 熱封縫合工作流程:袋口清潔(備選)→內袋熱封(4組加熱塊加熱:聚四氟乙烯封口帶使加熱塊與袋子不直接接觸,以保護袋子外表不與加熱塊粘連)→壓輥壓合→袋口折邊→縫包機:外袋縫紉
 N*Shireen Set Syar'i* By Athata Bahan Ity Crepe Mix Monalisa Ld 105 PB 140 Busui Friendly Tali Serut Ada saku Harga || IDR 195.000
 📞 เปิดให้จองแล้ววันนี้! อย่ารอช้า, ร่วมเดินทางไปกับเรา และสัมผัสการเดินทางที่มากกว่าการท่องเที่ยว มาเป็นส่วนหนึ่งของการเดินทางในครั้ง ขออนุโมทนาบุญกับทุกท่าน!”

——

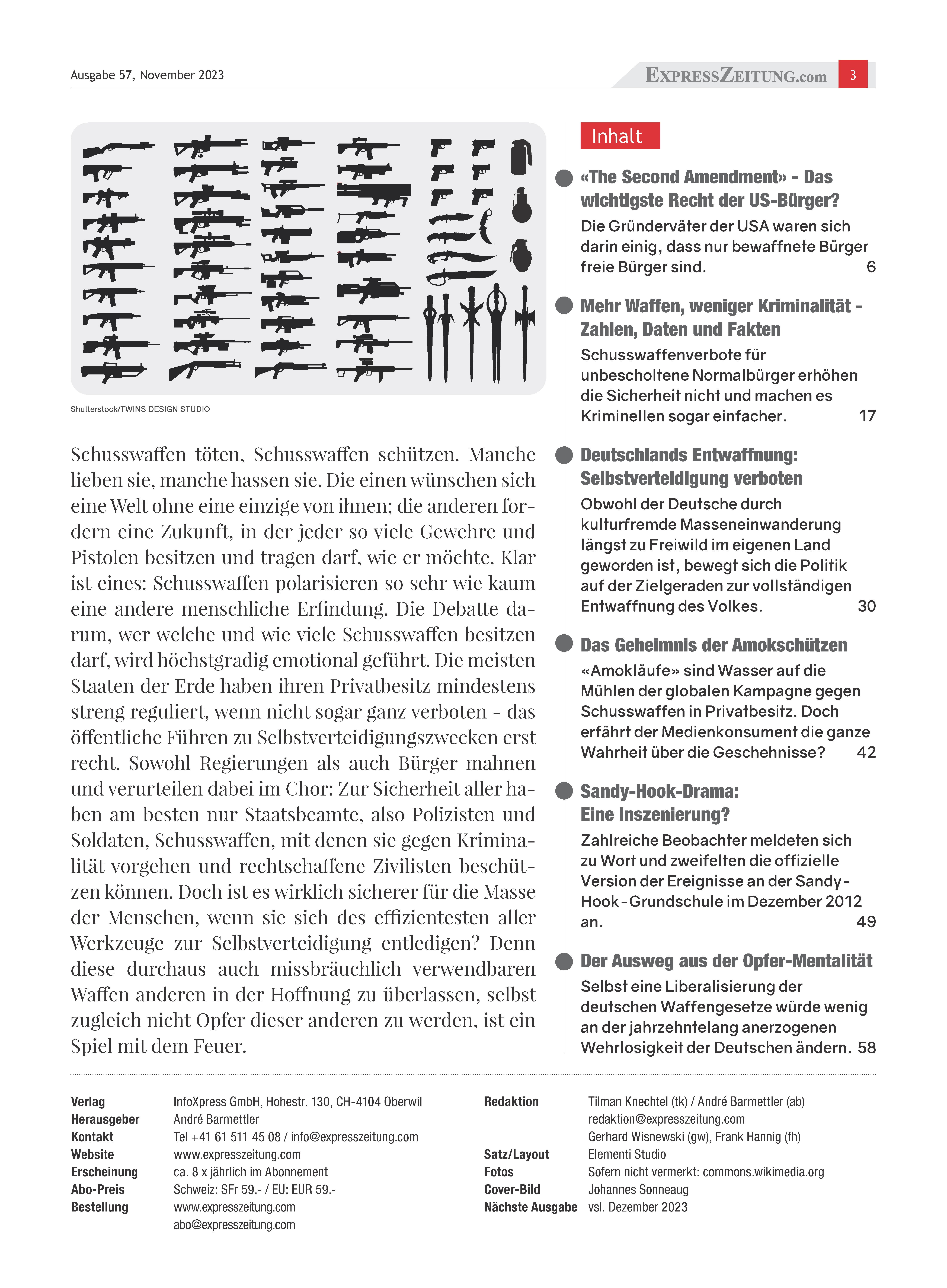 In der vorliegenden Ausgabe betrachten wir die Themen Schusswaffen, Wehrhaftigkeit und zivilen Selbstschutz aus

——

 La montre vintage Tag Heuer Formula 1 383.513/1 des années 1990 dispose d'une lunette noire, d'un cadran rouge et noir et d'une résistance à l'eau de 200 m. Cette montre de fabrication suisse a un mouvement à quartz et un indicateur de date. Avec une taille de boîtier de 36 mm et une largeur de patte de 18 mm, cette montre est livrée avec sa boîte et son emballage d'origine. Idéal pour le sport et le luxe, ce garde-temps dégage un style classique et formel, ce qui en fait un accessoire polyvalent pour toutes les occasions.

——

| Task prompt |
In the listing above, find the line holding "熱封縫合工作流程:袋口清潔(備選)→內袋" and the line holding "เปิดให้จองแล้ววันนี้! อย่ารอช้า, ร่วมเดินทางไปกับเรา", then output those two lines and every line between them exactly.

| Task response |
 熱封縫合工作流程:袋口清潔(備選)→內袋熱封(4組加熱塊加熱:聚四氟乙烯封口帶使加熱塊與袋子不直接接觸,以保護袋子外表不與加熱塊粘連)→壓輥壓合→袋口折邊→縫包機:外袋縫紉
 N*Shireen Set Syar'i* By Athata Bahan Ity Crepe Mix Monalisa Ld 105 PB 140 Busui Friendly Tali Serut Ada saku Harga || IDR 195.000
 📞 เปิดให้จองแล้ววันนี้! อย่ารอช้า, ร่วมเดินทางไปกับเรา และสัมผัสการเดินทางที่มากกว่าการท่องเที่ยว มาเป็นส่วนหนึ่งของการเดินทางในครั้ง ขออนุโมทนาบุญกับทุกท่าน!”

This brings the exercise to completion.